Он никому не сказал, что весь подол Оленькиной рубашки был исполосован словно бы ножами и покрыт липкой слизью.
Не рассказал он, как, выкручивая девушке руки, переодевал ее в чистое, как выдирал из руки графит, спеленывал, тащил на улицу.
Не рассказывал, как сгреб в кучу всю бумагу и поджег прямо в спальне, опрокинув туда же керосинку…
– И что мы в результате имеем?! – неожиданно брезгливо произнес следователь Хазанович. – Совершенно безумную студентку Нерода Ольгу Львовну, члена ВЛКСМ, кстати говоря…
…Как дотащил ее до озерца и пытался привести в чувство, но увы.
Как разжимал ей зубы, чтобы влить глоток воды, после чего она наконец перестала шептать и уснула. А он все боялся, что она умрет… Борвиталь никому ничего не сказал, потому что когда черное вязкое Это уползало обратно в море, он стоял так близко, что увидел в глубине субстанции виноград. Гроздья черного и зеленого винограда, стебли которого опутывали неподвижные тела людей и животных.

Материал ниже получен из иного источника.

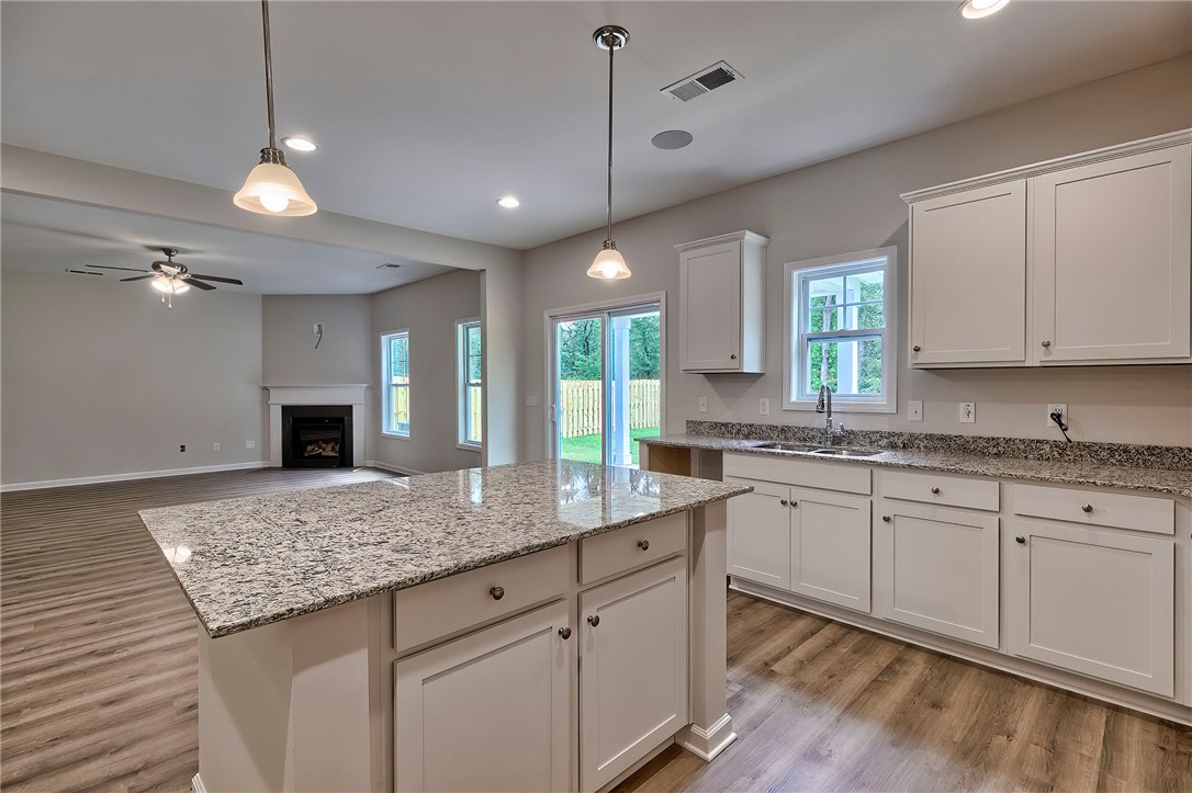 This newly improved Devonshire II A6 offers approximately 2500+ square feet of thoughtfully designed living space, featuring 4 bedrooms and 2.5 bathrooms with an open-concept layout ideal for both everyday living and entertaining. The exterior showcases a striking combination of white and sandy siding with brown stone veneer, a beautiful white front door with chocolate-colored shutters that complements the siding along with the stone colors. The interior is designed with modern finishes, including white cabinetry with nickel hardware, nickel lighting fixtures, white quartz countertops, coordinating white tile backsplash, and luxury vinyl plank flooring. The main level features a bright, open living area flowing seamlessly into the dining and kitchen spaces. The upgraded kitchen includes a large center island, quartz countertops, a gas fireplace, and stainless-steel ENERGY STAR® appliances, including a gas range, dishwasher, and microwave. Also on the main level are a flex room near the entry, a powder room, and access to the two-car garage. Upstairs, a spacious loft provides additional living space, along with all four bedrooms. The primary suite offers a private retreat with two large walk-in closets, dual vanities, a walk-in tile shower with fiberglass pan, tub, and contemporary fixtures. A dedicated second-floor laundry room adds everyday convenience. Energy-efficient features include a tankless gas water heater and HERS energy certification with third-party testing, providing long-term efficiency and cost savings. Located in the Lawton Ridge Subdivision, connected to Belvedere, this home is situated in a desirable community near Pendleton High School. Please note: This home is currently under construction. Photos are of a Devonshire floor plan on a different lot and will be updated upon completion. Prices subject to change without notice. Lot 36 Devonshire II A6

Он видел своих студентов, коллег-преподавателей, видел пса Шарика. Все это медленно проплывало перед ним. Он стоял, не в силах пошевелиться, потому что оттуда на него смотрели выпученные глаза, которые поражали пронзительным, холодным, осмысленным взглядом. Тысячи пар глаз…
– …Совершенно безумную и к тому же беременную, – закончил фразу следователь. – Ну и для чего же вы так с ней, гражданин Таль?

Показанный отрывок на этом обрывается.